I had to pay out for treatment to an injury on holiday, but I'm more worried that our free NHS is dying from a thousand cuts
Recently, down in Portugal, I had to have what those in the medical community would term "a procedure". It wasn't a terribly serious procedure. A small injury to my back which, as it turned out, subsequently required a number of wound dressings (€10 a time) following the initial consultation and then the painful extraction of €145 from my pocket.
I don't want to sound ungrateful. In fact I'm anything but. I was treated with courtesy, efficiency and care by truly professional medical staff.
Accustomed as we are in this part of the world to free medical care, €185 for a simple injury felt like a bit of a slap up the bake.
And I know what you're thinking at this point - didn't I have travel insurance?
No. The one time...
On the plus side, it was an interesting and illuminating insight into how they do healthcare elsewhere in the EU.
I didn't actually have to make an appointment. I just went along to the local clinic where I had to wait in a queue - even to reach the receptionist.
There was a ticket machine where you're required to take a number and wait your turn.
By the time I'd spotted this machine though, about six people had already queue-jumped me.
Much later (and honestly this wasn't a speedy process) I was sent upstairs.
Eventually I got to see the doctor who attended to my injury before sending me on my way with a cheery handshake.
Downstairs again, having snipped off another ticket, I was back in the big queue. It felt like a sort of medical Tesco checkout till.
Every little helps...
I know we all say this all the time - but this sort of experience really does make you appreciate the health service.
The free health service.
How very lucky we are to have the health service.
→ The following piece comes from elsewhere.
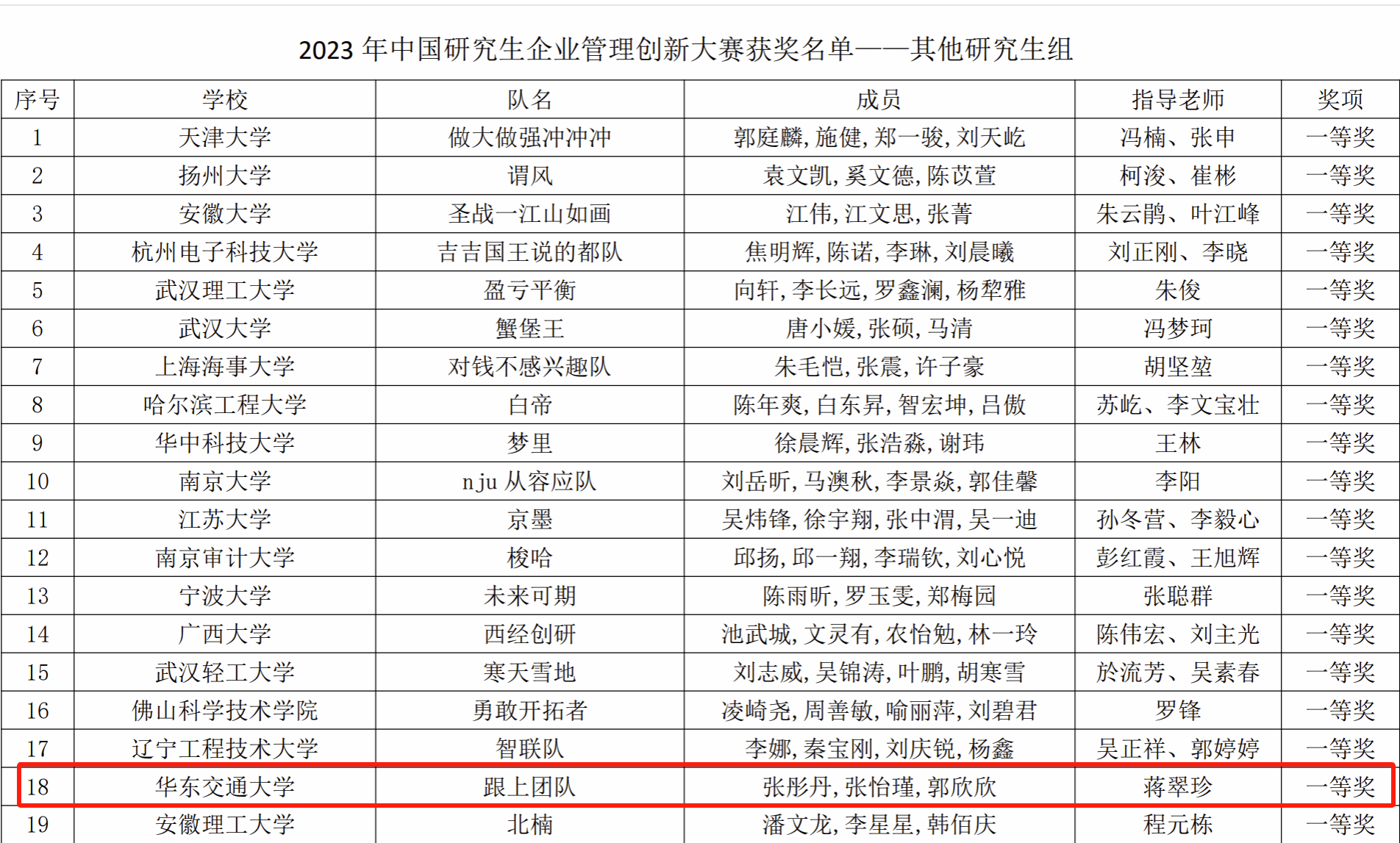 日前,2023年中国研究生企业管理创新大赛全国总决赛在上海大学圆满落幕。比赛分MBA组和其他研究生组两个组别,由WilliamHill官网蒋翠珍教授指导,研究生张彤丹、张怡瑾、郭欣欣组成的“跟上团队”队获“其他研究生组”全国总决赛一等奖;裴玲、曾宪玥、唐惠、贺晨香组成的“明日”队,李子欣、祁凯凯、白文华组成的“深藏不露”队获“其他研究生组”全国总决赛二等奖,这是WilliamHill官网首次参加此类竞赛并获佳绩。
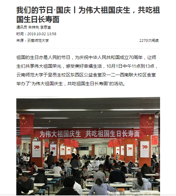 上一条:云南信息报 2019-10-02 云南师大万名师生吃长寿面 下一条:新华网 2019-10-02 近万名师生共享家国情同吃国庆面

We all say that. Not just for the big life-saving stuff (and believe me I have a family reason to be grateful for that) but for the everyday-ish sort of medical attention that, back here, we never even bother to mentally cost.
Sadly, the truth is the health service is now on its knees.
And in order to resuscitate it, we would seem to have two choices. Either the government decides to shore up our failing health service by diverting public funding from other vital areas - education, for example.
Or we accept that the fabulous free Health Service we've enjoyed all our lives (and take for granted) will no longer be a free for all.
Money has to come from somewhere.
But from where? Some say charge the smokers. The drunks and druggies who clutter up A&E. People who eat junk food and have an aversion to kale. Slobs who don't exercise...
But by the time we've excluded everyone who's offended against healthy living edicts, about the only person who's going to be welcome in Casualty will be Mo Farah.
A fairer plan would be to charge people who fail to turn up for doctor's/hospital appointments. And not only to charge for prescriptions but to cut down on the scope of items available on prescription. There also needs to be a real clampdown on those abusing the system.
I'm not necessarily talking about "health tourism" here.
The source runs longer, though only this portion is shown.